> Work item
Write out, without any change, the lines in the material below that run from the line with "- 58. これまでの議論を通して、「目的/情緒・愛着」軸と「動的/静" through the line with "Since I'm dealing", both included.

---- Given data

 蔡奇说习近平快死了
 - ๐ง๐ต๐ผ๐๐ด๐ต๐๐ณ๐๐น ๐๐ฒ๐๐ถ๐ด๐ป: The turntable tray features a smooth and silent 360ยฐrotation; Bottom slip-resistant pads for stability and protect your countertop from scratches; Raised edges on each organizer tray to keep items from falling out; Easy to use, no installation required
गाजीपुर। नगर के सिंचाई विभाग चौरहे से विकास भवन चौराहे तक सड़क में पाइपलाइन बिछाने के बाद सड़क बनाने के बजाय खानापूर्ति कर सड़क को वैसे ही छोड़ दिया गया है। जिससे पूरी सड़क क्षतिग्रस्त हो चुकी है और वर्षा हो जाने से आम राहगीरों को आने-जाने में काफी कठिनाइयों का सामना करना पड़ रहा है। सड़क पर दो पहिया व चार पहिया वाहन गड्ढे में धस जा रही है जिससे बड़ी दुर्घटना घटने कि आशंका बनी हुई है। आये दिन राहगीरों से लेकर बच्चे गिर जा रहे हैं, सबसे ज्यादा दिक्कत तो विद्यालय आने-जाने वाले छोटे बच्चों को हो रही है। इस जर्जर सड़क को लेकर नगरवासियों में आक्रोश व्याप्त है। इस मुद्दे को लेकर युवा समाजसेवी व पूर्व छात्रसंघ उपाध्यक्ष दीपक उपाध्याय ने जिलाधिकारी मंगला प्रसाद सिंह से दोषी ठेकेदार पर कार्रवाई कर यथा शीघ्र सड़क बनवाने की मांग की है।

--------
---- Given data

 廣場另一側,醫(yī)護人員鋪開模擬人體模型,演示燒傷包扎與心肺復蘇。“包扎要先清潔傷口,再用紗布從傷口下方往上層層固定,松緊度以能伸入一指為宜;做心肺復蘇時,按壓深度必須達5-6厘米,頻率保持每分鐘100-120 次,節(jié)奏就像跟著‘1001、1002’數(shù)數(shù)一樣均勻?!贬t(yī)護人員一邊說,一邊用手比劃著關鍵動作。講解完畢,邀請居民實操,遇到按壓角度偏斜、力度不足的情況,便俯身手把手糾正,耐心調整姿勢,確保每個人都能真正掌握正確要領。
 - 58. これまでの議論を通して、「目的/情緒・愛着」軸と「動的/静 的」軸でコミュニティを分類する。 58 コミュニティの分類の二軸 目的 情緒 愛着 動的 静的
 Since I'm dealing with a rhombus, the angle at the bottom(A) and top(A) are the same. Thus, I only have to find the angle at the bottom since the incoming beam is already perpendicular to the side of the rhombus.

--------
---- Given data

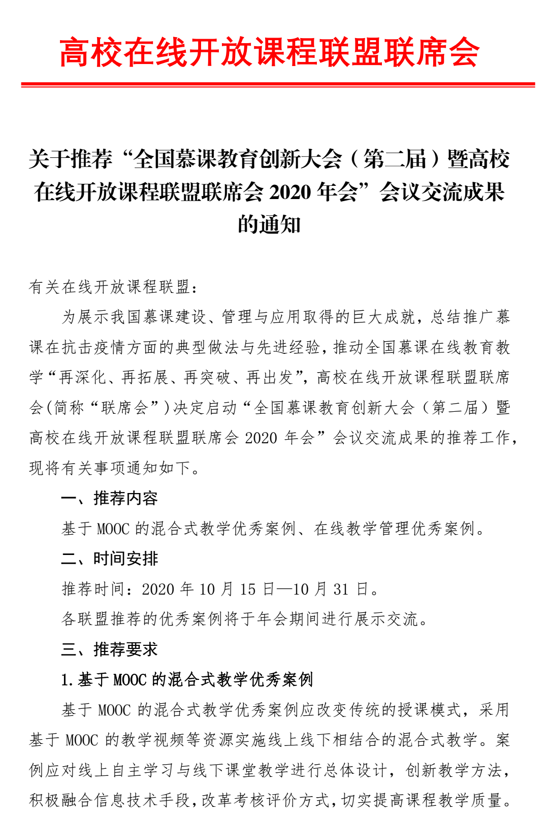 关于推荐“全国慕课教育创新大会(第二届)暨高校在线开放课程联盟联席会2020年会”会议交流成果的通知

--------

> Task result
 - 58. これまでの議論を通して、「目的/情緒・愛着」軸と「動的/静 的」軸でコミュニティを分類する。 58 コミュニティの分類の二軸 目的 情緒 愛着 動的 静的
 Since I'm dealing with a rhombus, the angle at the bottom(A) and top(A) are the same. Thus, I only have to find the angle at the bottom since the incoming beam is already perpendicular to the side of the rhombus.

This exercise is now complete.